Дима обескураженно молчал. Он не знал ответа на этот вопрос.

-Я больше так не могу! Я от тебя ухожу, — заявила жена.

-Вот это благодарность! — возмутился Дима. — Это ты со мной так за всё хорошее?

-За какое хорошее, Дима! Ты мне за двадцать лет слова доброго не сказал. Тебе вечно то суп пересолен, то наволочка недоглажена, то хлеб не тот куплен, то наряд на мне не тот, то сына не такого родила. Я устала. Я не могу больше, и всё!

Дима с Мариной в свое время женились без какой-то особенной страсти или любви. Просто встретились в компании общих друзей…

***

-Василич, ты деньги на подарок женщинам сдавать будешь? — спросил Игорь у коллеги, предвкушая ответ.

-На восьмое марта, что ли?

-Естественно!

Дмитрий Васильевич тяжко вздохнул и начал:

-Уже давно всё поменялось, а у нас всё ищут повод отпраздновать. В союзе прославляли образ советской женщины, многофункциональной, так сказать. Тогда же и утвердили праздник, при советах. Дату меняли сто раз, а начали это всё вообще женщины Нью-Йорка аж в 1908 году.
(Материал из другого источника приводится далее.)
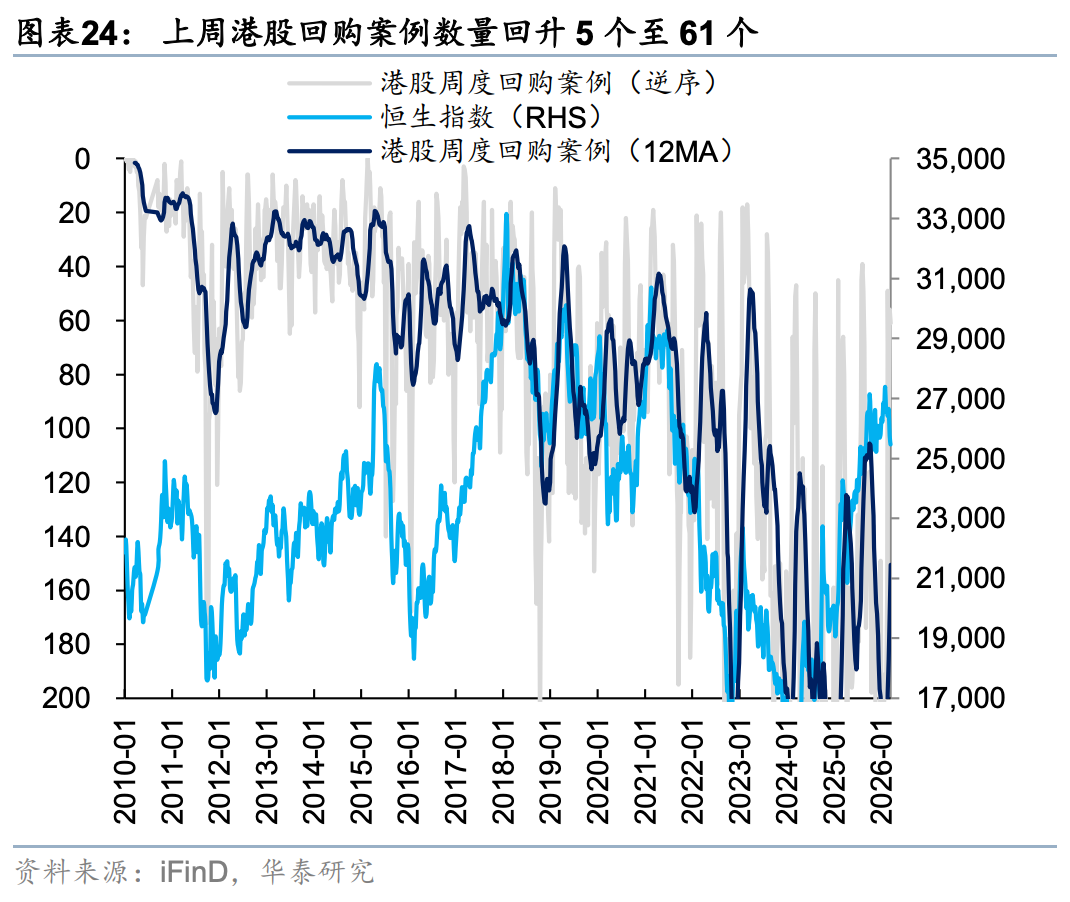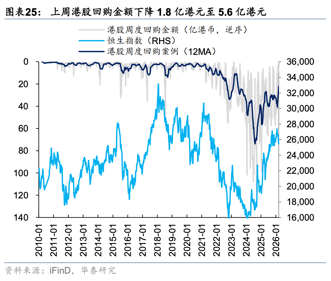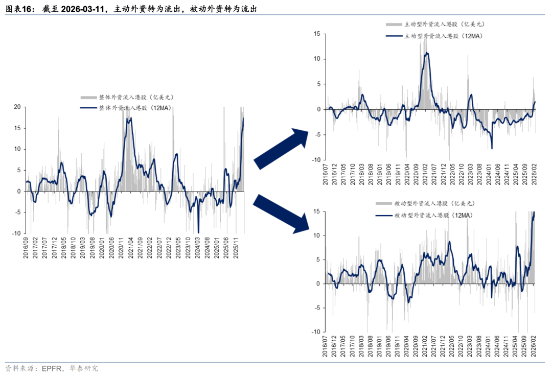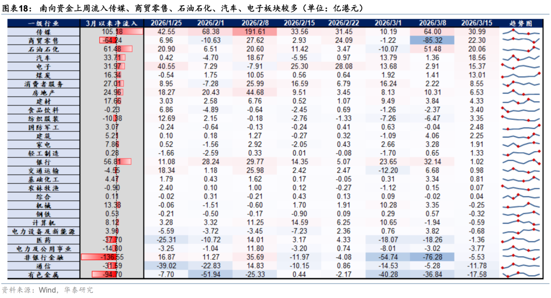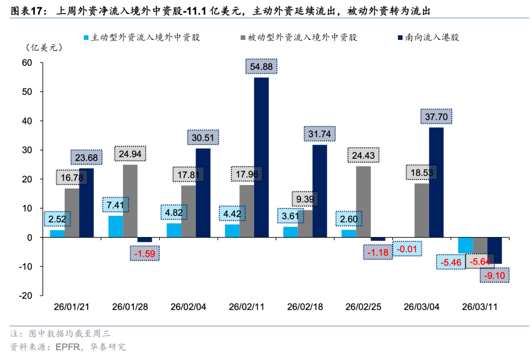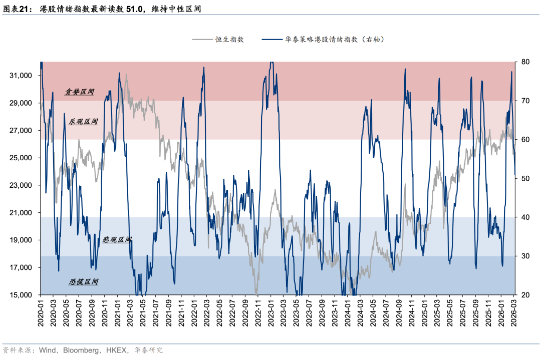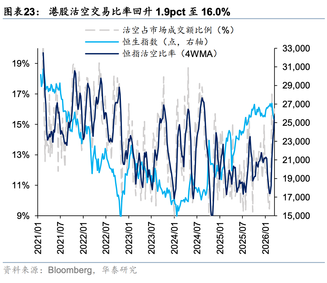 外资方面,截至周三EPFR口径下外资净流出港股10.6亿美元(前一周为净流入18.2亿美元),其中主动/被动外资流出4.6/6.1亿美元(前一周分别净流入0.4/17.8亿美元)。与此同时沽空比例明显下行0.12pct至2.32%,与2月中水平相当。我们在此前报告中《PPI转正和人民币升值两大交易主线更为明晰》(2026.3.1)中曾提出,今年部分外资以韩台等市场为目的地,增持亚洲或新兴市场同时对冲香港敞口。近期日韩市场大幅波动,杠杆资金有降温意愿,或同步促成港股沽空交易的平仓。南向方面,上周大幅买入港股524亿港币(前一周净流出81亿港币),分行业来看,截至周三传媒(核心股)、商贸零售、石油石化、汽车、电子板块净流入靠前。

Вот тебе не кажется это странным?

-Что, Василич? — подавил вздох Игорь.

А то еще и по поводу вздоха наслушаешься. Он уже, честно говоря, жалел, что подошел. Каждый год, и вообще каждый праздник, одна и та же история. «Скидываемся, Василич!» — а Василич длинную и нудную лекцию…

-Больше ста лет назад женщины отвоевали себе свои, так называемые, права, а мы до сих пор по этому поводу должны им подарки дарить. Ну добились равноправия, ну и молодцы! Сидите со своими правами теперь, а за что подарки-то?

-Так праздник! С праздником положено поздравлять!

-Конкретно у наших женщин, в нашем коллективе, какой праздник?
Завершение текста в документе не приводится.